O Centro de Informação Autárquico ao Consumidor (CIAC) chama a atenção para:

A Comissão Europeia e as autoridades de defesa do consumidor divulgaram a 26 de março de 2026, os resultados de uma ação de fiscalização conjunta («Sweep») a descontos de produtos vendidos em linha, durante a Black Friday e a Cyber Monday.

Estes Sweeps (Varreduras) são coordenados pela Comissão Europeia e realizados simultaneamente pelas autoridades nacionais responsáveis pela aplicação da legislação e que compõem a rede europeia CPC*, da qual a Direção-Geral do Consumidor é o Serviço de Ligação Único em Portugal, fazendo a articulação entre a Comissão Europeia, as autoridades dos restantes Estados Membros e as 17 autoridades que em Portugal aplicam a legislação de defesa do consumidor.

Esta ação pretendeu avaliar se os descontos e as práticas de fixação de preços entre 3 de novembro e 5 de dezembro de 2025, estariam em conformidade com a legislação da UE em matéria de defesa do consumidor e, atenta a matéria, em Portugal esteve a cargo da Autoridade de Segurança Alimentar e Económica (ASAE).

A nível europeu foram investigados 314 comerciantes e verificou-se que 30% apresentavam descontos incorretamente. Nos termos da Diretiva Indicações de Preços, quando uma empresa anuncia um desconto, o preço de referência deve ser o preço mais baixo praticado nos últimos 30 dias.

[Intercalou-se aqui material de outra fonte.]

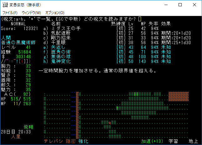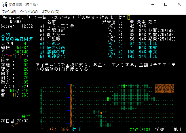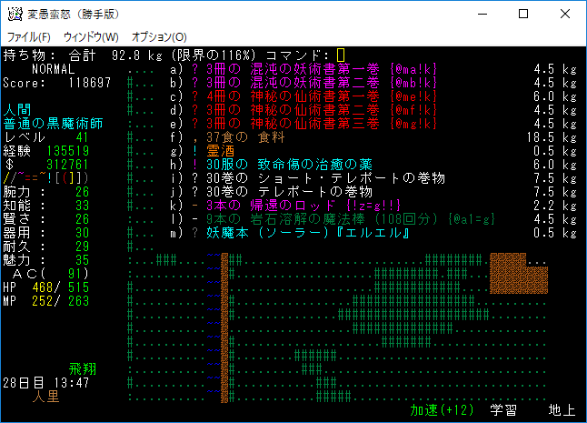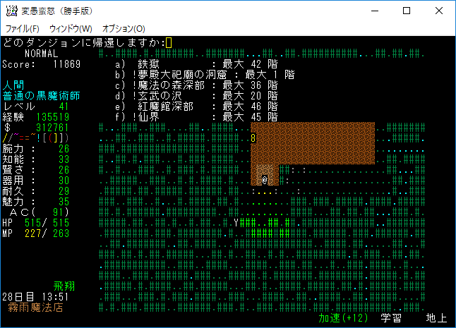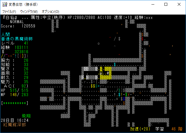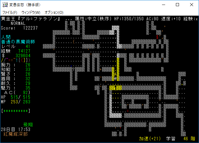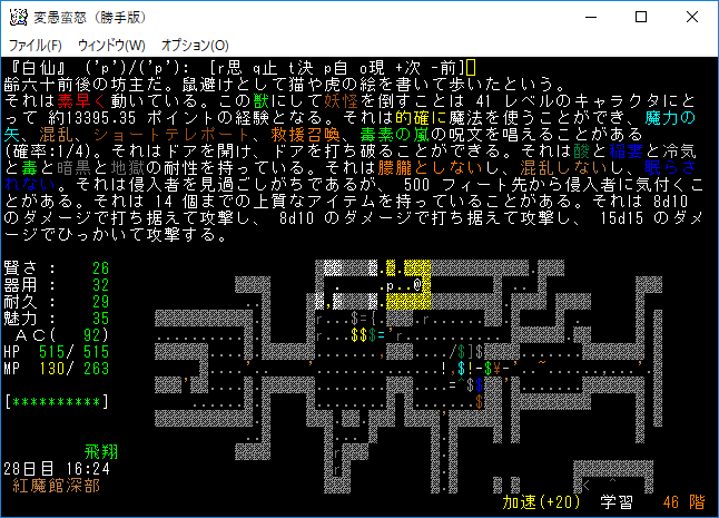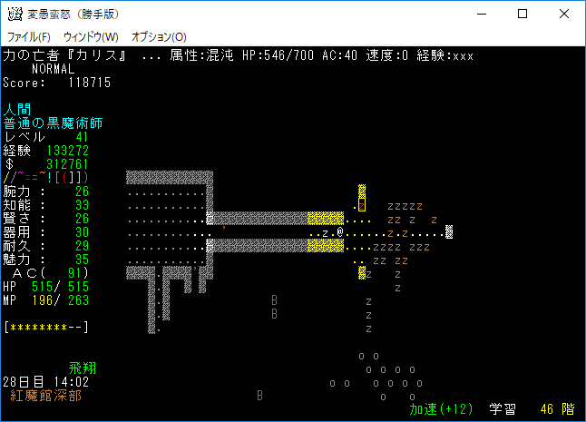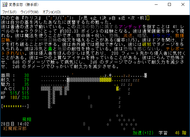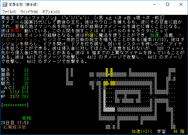 おはようございます。変愚蛮怒東方Project勝手版のプレイ日記を始めます。レミリアのいる『紅魔館深部』を攻略中。癖のあるユニークが出現するようになり戦闘が楽しいです。

Para além das infrações à legislação acima, dos operadores selecionados, detetou-se ainda que:

  • 36% tentavam adicionar itens opcionais aos “carrinhos” virtuais dos consumidores. Destes, quatro em cada dez, fizeram-no sem solicitar o consentimento do consumidor de forma clara.
  • 34% faziam comparações de preços, sendo que 6 em cada 10 não indicavam claramente qual a referência para a comparação.
  • 18% utilizavam técnicas de venda de pressão, alegando que um produto estava a esgotar-se ou utilizando cronómetros. Verificou-se que, em mais de metade dos casos, as informações eram enganosas. Uma técnica de venda de pressão pode ser considerada enganosa, por exemplo, quando a sua alegação de escassez é falsa.
  • 10 % utilizavam táticas de «custos escondidos», em que cobravam taxas adicionais ou adicionavam custos perto do final do processo de compra, como taxas de envio ou de serviço.

Acrescentar artigos sem o consentimento do consumidor, apresentar preços de forma enganosa, alegar falsamente que um produto está a esgotar-se ou ocultar taxas adicionais até ao final do processo, são também práticas ilegais ao abrigo da legislação da UE em matéria de defesa do consumidor, nomeadamente a Diretiva Práticas Comerciais Desleais – que pode consultar através do link: https://eur-lex.europa.eu/legal-content/PT/TXT/?uri=celex%3A32005L0029.

*A Rede de Cooperação no domínio da Defesa do Consumidor (rede CPC – https://commission.europa.eu/topics/consumers/consumer-rights-and-complaints/enforcement-consumer-protection/consumer-protection-cooperation-network_en?prefLang=pt&etrans=pt) é uma rede composta por cada uma das autoridades nacionais responsáveis pela aplicação da legislação da UE em matéria de defesa do consumidor. Sob a coordenação da Comissão Europeia, colaboram para combater as infrações ao direito dos consumidores que ocorrem no mercado único.